Bedau, Tillmann; Heydt, Carina; Siebolts, Udo; Zander, Thomas; Kraemer, Max; Loeser, Heike; Buettner, Reinhard; Quaas, Alexander.
Afiliação
  • Bedau T; Department of Pathology, University Hospital Cologne, Cologne, Germany. tillmann.bedau@uk-koeln.de.
  • Heydt C; Department of Pathology, University Hospital Cologne, Cologne, Germany.
  • Siebolts U; Department of Pathology, University Hospital Cologne, Cologne, Germany.
  • Zander T; Department I of Internal Medicine, Center for Integrated Oncology (CIO), University of Cologne, Cologne, Germany.
  • Kraemer M; Department I of Internal Medicine, Center for Integrated Oncology (CIO), University of Cologne, Cologne, Germany.
  • Loeser H; Institut für Pathologie Köln-Deutz, Cologne, Germany.
  • Buettner R; Department of Pathology, University Hospital Cologne, Cologne, Germany.
  • Quaas A; Department of Pathology, University Hospital Cologne, Cologne, Germany.
Diagn Pathol ; 19(1): 55, 2024 Mar 27.
Article em En | MEDLINE | ID: mdl-38539256
ABSTRACT

BACKGROUND:

Colorectal cancer (CRC) frequently involves mutations in the KRAS gene, impacting therapeutic strategies and prognosis.

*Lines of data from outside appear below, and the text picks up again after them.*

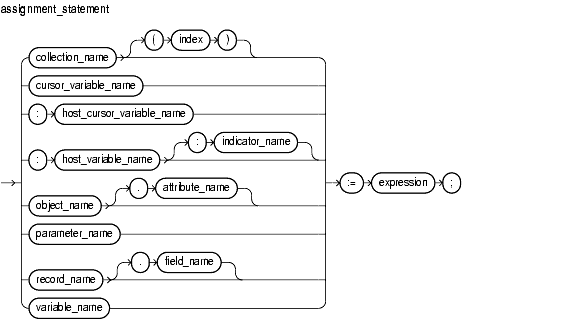 This is an arbitrarily complex combination of variables, constants, literals, operators, and function calls. The simplest expression consists of a single variable. For the syntax of expression, see "Expressions". When the assignment statement is executed, the expression is evaluated and the resulting value is stored in the assignment target. The value and target must have compatible datatypes.
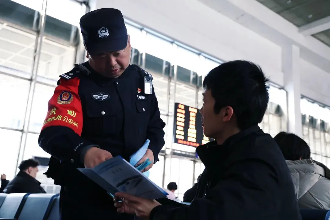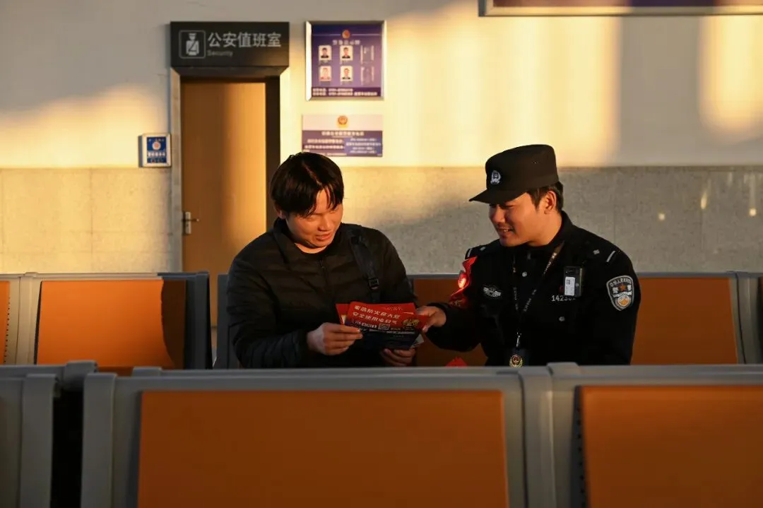 故事:在车站警务室门前,民警为候车旅客递上消防宣传册,细致讲解消防安全知识,用坚守为春运添上一抹温暖。
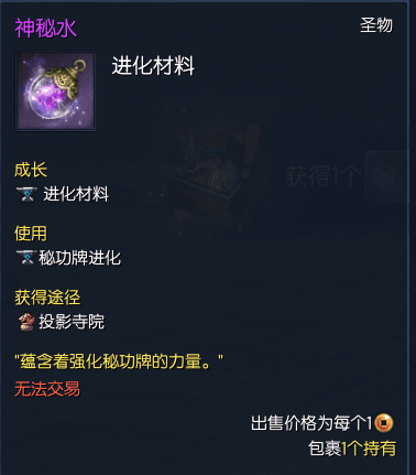 神功牌觉醒需要用到专属材料神秘水。神秘水可以通过投影寺院任务获得。
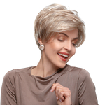 Die Farbe der angebotenen Perücke ist in dem Quadrat neben dem Hauptfoto angegeben. Die Cappuccino Large Kunsthaarperücke ist aus einer speziellen Kunstfaser gefertigt, die echtes Haar imitiert. Die Frisur ist pflegeleicht, formbeständig und muss nicht modelliert werden.
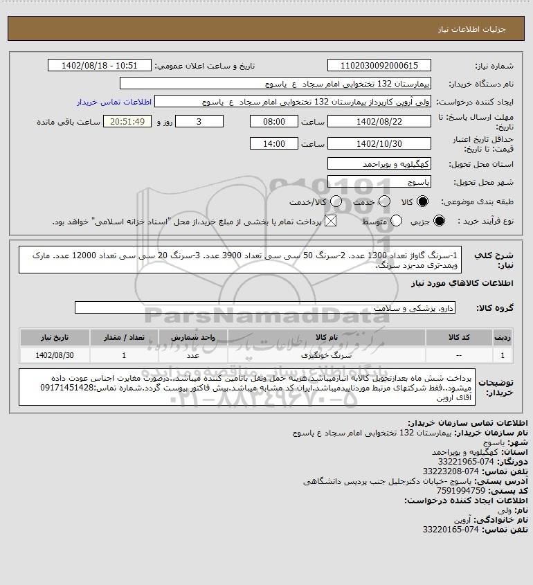 نام سازمان خریدار: بیمارستان 132 تختخوابی امام سجاد ع یاسوج
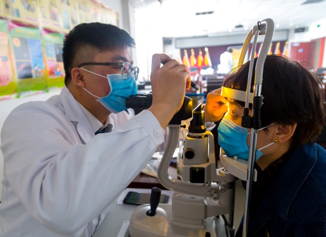 “這些年,庫爾勒市春季沙塵氣候比較頻繁,前來眼科醫(yī)院就診的患者以近視、散光、斜弱視、淚道病、干眼癥、翼狀胬肉癥狀較多” ,負(fù)責(zé)驗光的防盲健教組長辛葉醫(yī)生認(rèn)為,“自然環(huán)境影響是一個方面,更多的在于用眼不衛(wèi)生”,他建議要關(guān)注用眼過度的問題,隨著電視、電腦、移動設(shè)備越來越普及,近距離用眼成為職場人最主要的生活、工作狀態(tài),大量的信息通過視覺傳遞加重了眼睛的負(fù)擔(dān),這是造成用眼過度的首要因素,也是大范圍開展眼健康普查的重要原因。
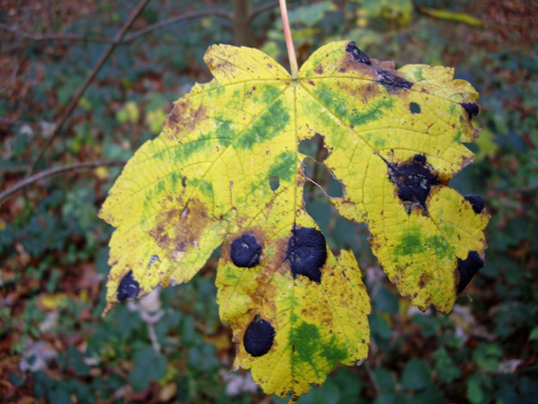 Im Volksmund bezeichnet man sie als Teerfleck-Krankheit. Ein Pilzbefall der insbesondere an den Blättern von Ahornarten zu beobachten ist und zum Teil die Bäume schwächt. Im Spätsommer und Herbst ist dieser Pilz überall in unserem Raum zu beobachten. Es scheint zwei Arten bei uns zu geben. "Rhytisma acerinum" scheint die Art zu sein, die mehrere Ahornarten besiedelt und wohl die häufigere Species ist. "Rhytisma punctatum" scheint selten zu sein, hat kleinere Punkte und kommt wohl nur auf Bergahorn vor. Bei meinem Bild scheint es sich wohl um "Rhytisma acerinum" zu handeln. Was meint ihr?

The occurrence of KRAS mutations typically precludes the presence of RET fusions, with current medical literature suggesting a mutual exclusivity between these two genetic alterations. We present a unique case that challenges this notion. CASE PRESENTATION An 85-year-old female with metastatic CRC was found to have a combination of genetic anomalies that is to the best of our knowledge not yet described in the medical literature a KRAS p.G12C mutation, associated with oncogenesis and treatment resistance, and an ANK3RET fusion, an infrequent but targetable mutation in CRC. This molecular profile was uncovered through comprehensive genomic sequencing after the patient experienced metachronous tumor dissemination. The presence of both genetic events complicates the treatment approach.

CONCLUSIONS:

The identification of both a KRAS p.G12C mutation and an ANK3RET fusion in the same CRC patient adds a new layer to the oncogenic landscape and treatment considerations for CRC. It highlights the intricate decision-making required in the era of precision medicine, where targeted therapies must be carefully chosen and potentially combined to combat complex genetic profiles. The case emphasizes the urgency of investigating the clinical effects of concurrent or sequential use of KRAS p.G12C and RET inhibitors to inform future therapeutic guidelines and improve patient outcomes in similar cases.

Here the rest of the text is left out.